Alessia Amighini -- Lavoce.info

 

“Wer die Zukunft der Menschheit sichern will, muss weiteres Wirtschaftswachstum verhindern”

   Wer gemütlich in einer geheizten deutschen Wohnung sitzt und die Autobus-Haltestelle vor der Tür hat, kann vermutlich gut über Sinn und Unsinn des Wirtschaftswachstums philosophieren. Preussisch-protestantischer Ethik liegt Verzicht zugunsten des grossen Gesamtwohls ohnehin nahe.
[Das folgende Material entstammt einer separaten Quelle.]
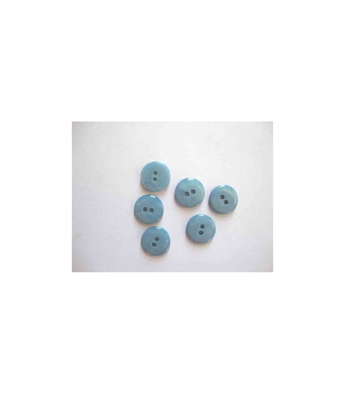 Een glanzende gladde tweegaats blue knoop met een doorsnee van 18 mm.

Jörg Sommer hat als Vorstandsvorsitzender der Deutschen Umweltstiftung und Dozent an der Hochschule für Nachhaltige Entwicklung (Eberswalde) in einem Zeitungsartikel “ Die Wachstumslüge” (Süddeutsche Zeitung, 27.2.19) das Ende des Wachstums gefordert.

   Der Artikel beschreibt korrekt die Notlage des Planeten und der von ihm abhängigen Menschheit. Ausser Donald Trump und ein paar verbohrten Klimaskeptikern wird wohl jedermann seiner Beschreibung zustimmen. Warum aber die Verteufelung des Wachstums? Jörg Sommer ist kein Ökonom sondern ein erfolgreicher Kinderbuchautor, und wohl ein selbsternannter Ökologe. Seine Philippika gegen das Wachstum erinnert an den Rigorismus der Veganer, der Jihadisten oder der Bibelchristen.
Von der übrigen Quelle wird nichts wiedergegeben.